Dhoni, who led India to victory in the inaugural 2007 World Twenty20 in South Africa, said he had no plans to quit the shortest format.
“I was hoping it was an Indian media guy because I can’t really say if you have a brother or a son who can play for India as a keeper,” Dhoni replied to a question by a non-Indian journalist.
“Do you think I can survive until the 2019 World Cup?” Dhoni questioned the same journalist, who said: “Yes, sure.”
“Then you have answered the question,” Dhoni said.
The result capped a big day for the West Indies, whose women’s team also shocked tournament favourites New Zealand to book their spot in Sunday’s women’s World Twenty20 final and face four-time winners Australia.
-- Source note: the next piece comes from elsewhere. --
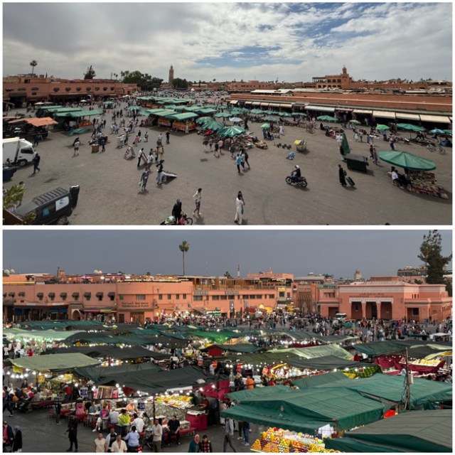 So ruhig wie es unter tags hier ist, gegen Abend erwacht der Jemaa el-Fna zum Leben. Wie verabredet werden plötzlich von allen Seiten Gestelle hergekarrt und Stände aufgebaut. Jeden Tag das gleiche Schauspiel. Alles geschieht in windeseile. Jeder Handgriff sitzt. Als alte Camperin bin ich schwer beeindruckt. (Bemerkung am Rande: Wer so etwas schon einmal auf einem Campingplatz beobachtet hat… da ist bei manchen der Urlaub vorbei bevor er überhaupt angefangen hat.) Von meinem Platz im Café Restaurant Argana aus, konnte ich das Treiben entspannt beobachten. Hier oben ist es ruhig und es weht ein angenehmes Lüftchen über die schattige Terrasse.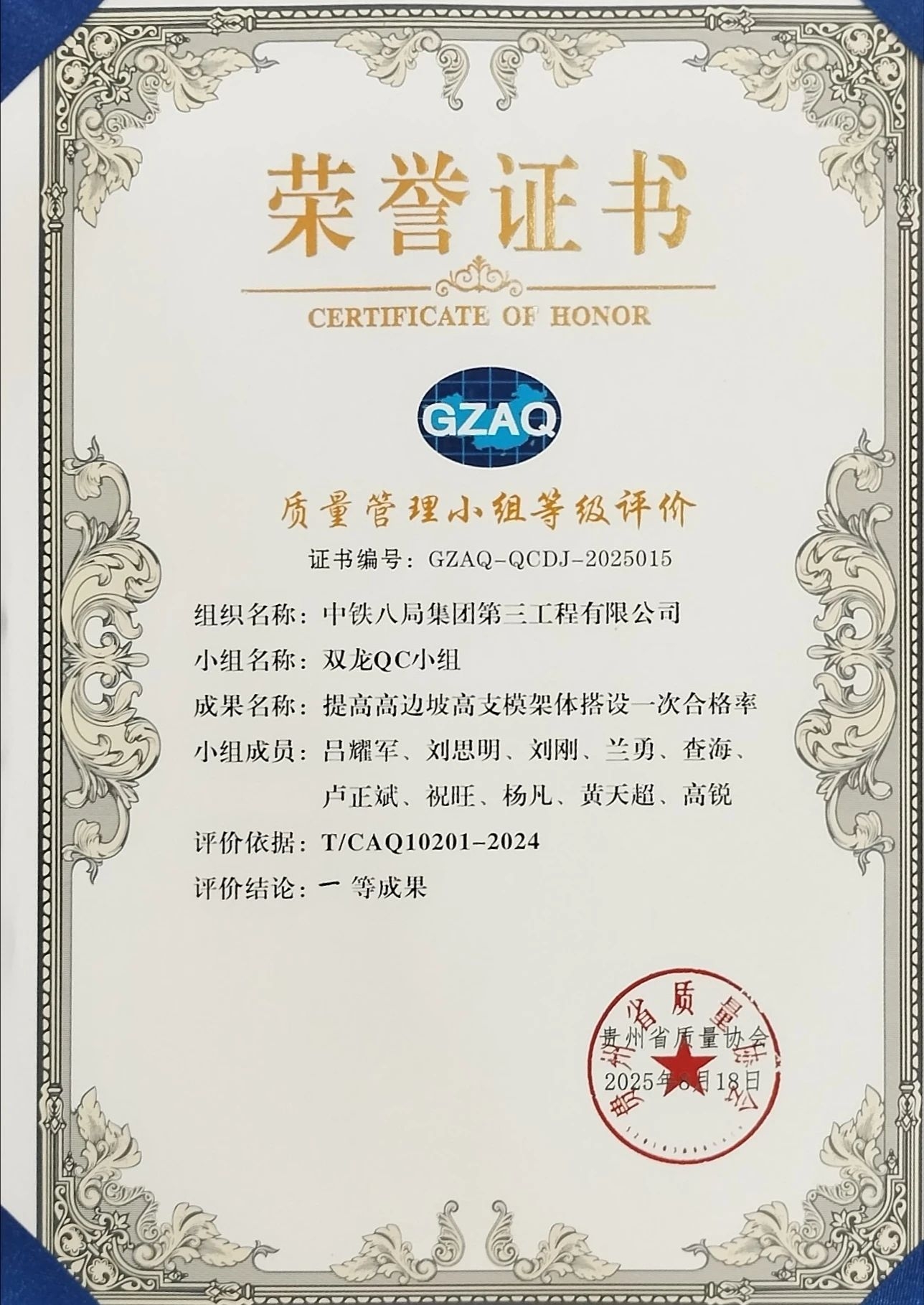 经过激烈角逐与严格评审,公司贵州双龙产业园项目申报的《提高高边坡高支模架体搭设一次合格率》QC成果,凭借显著的技术创新性、扎实的数据支撑、突出的经济效益及广泛的行业示范价值,在众多成果中脱颖而出,荣获一等成果评价,并成功取得晋级全国赛事的资格。

Skipper Stefanie Taylor led from the front for her side, taking three wickets and scoring 25 as the Windies defended a score of 6-143 as the White Ferns finished at 8-137 in Mumbai.
The Kiwis entered the match unbeaten after the group stages and looked well course for victory after Sara McGlashan (38) and Amy Satterthwaite (24) put on 59 for the fourth wicket.
However, the pair fell in successive balls from Taylor in the 17th over and New Zealand’s lower order were unable to guide their team to victory.
West Indies opener Britney Cooper smashed a superb 61 off 48 balls after New Zealand skipper Suzie Bates won the toss and elected to field.
The tall Cooper smashed five fours and two sixes both off consecutive deliveries from Leigh Kasperek to lend momentum to the West Indies innings.
Cooper and Taylor put on 60 for the second wicket after opener Hayley Matthews had fallen for 16 in the third over.
The West Indies were sailing at 1-78 but the dismissal of Taylor in the 12th over triggered a meltdown that saw New Zealand concede just 65 runs and claim five wickets in the final eight overs.
Seamer Sophie Devine starred in the collapse with 4-22 runs, with Morna Nielsen taking 1-14.
New Zealand raced to 1-43 in reply before losing key batters Bates (12) and Devine (22), in the seventh over.
Taylor was unable to conceal her delight at reaching the final.
“We’ve been waiting for this for a long time and it really feels great to have made the final,” she said.
“I do think we can win it if we are consistent enough. We can definitely pull it off.”
Bates said her team was simply beaten by the better side on the day.
“Credit to the West Indies for the way they came out hitting with the bat and Cooper’s innings was amazing,” she said.
“It has been an outstanding tournament for us, but we were on the wrong side of a very good performance by the West Indies today.”